As far as how am I going to keep all of the settings together ... I plan to use a YAML document and then keep that in the source-control. That way everything stays together in one place and can be easily modified when required.

Wednesday, March 2, 2011

started downloading all bacterial sequences

Using sha:
3ba1cd6720cd59c6c5da9da18fcfaf3653b5cffd
I started downloading all bacterial species which have at least 7 completed genomes (at count 50 species). The list is in the repository now.
Used command:
python SequenceDownload.py --file DownloadData.txt

Should only take ~30-60 minutes. This where I will also start with the project tag "BacterialLinkage" to describe how I plan to look for evolution of linkage across many bacterial species.

Edit: Actually takes about ~4 hours to download, unzip and aggregate all of the data.

SequenceDownloader now works completely

As of sha:
b1c22eab927963a716ddc5e6968640ba49d77a85
SequenceDownloader.py now downloads and processes the data.

Need to look for interaction mapping software

Dr.
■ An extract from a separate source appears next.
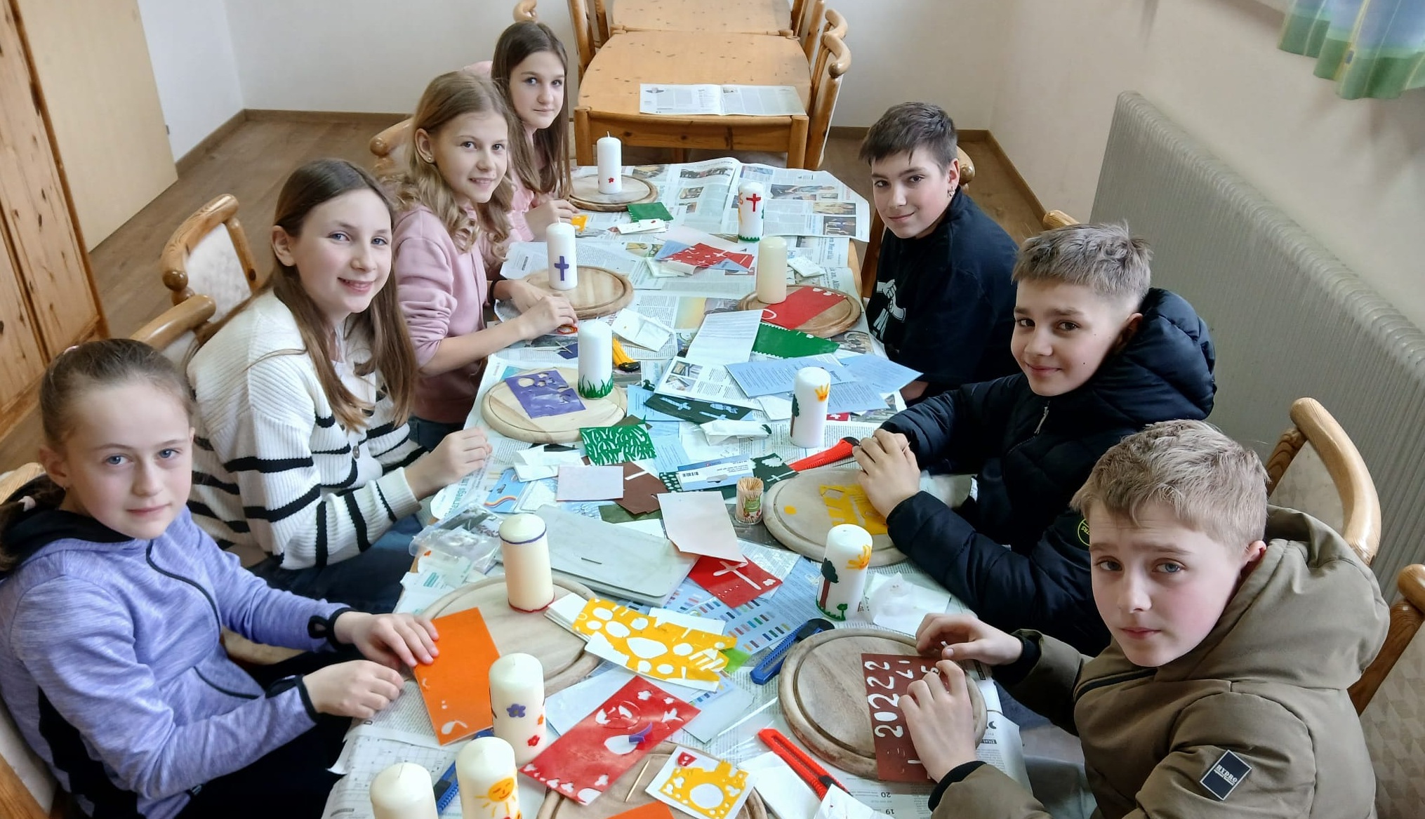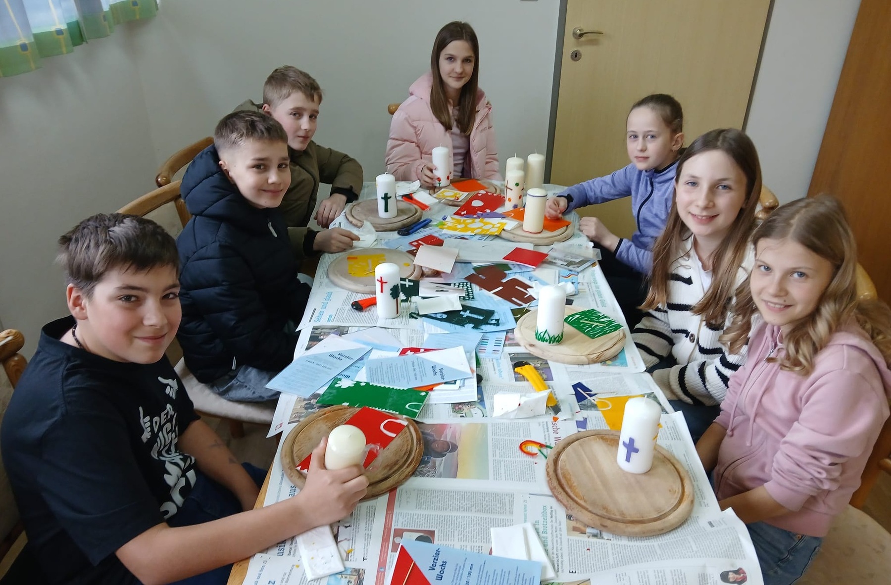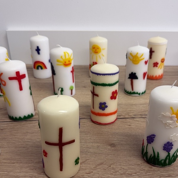 Firmlinge verzieren Kerzen für ältere und kranke Menschen

T wants an interaction network with Peter's IBD gene lists that incorporates interaction data and GO terms. I'll look around for some web-tools and see if there are any good cytoscape plugins which can do this sort of thing.

Finishing up SequenceDownload.py functions

I'm finishing and polishing the SequenceDownload function in the linkage project. Currently it only downloads data and unzips it. I still need to make a small function which integrates the data into a set of fasta files for each protein.

Tuesday, March 1, 2011

Steve's microarray results

When comparing healthy individuals there were 14 probes that were found in all patients, 190 patients that were in at least 4 patients and 197 in at least 3.

When comparing healthy to infected individuals there were NO PROBES that were conserved between individuals ... only 3 were in the 197 genes mentioned above.

So (at least from this data ... GSE18816 and GSE24533) it doesn't seem that there are genes commonly differentially expressed when infected. However, this dataset is SUPER tiny and not big enough to make conclusions from.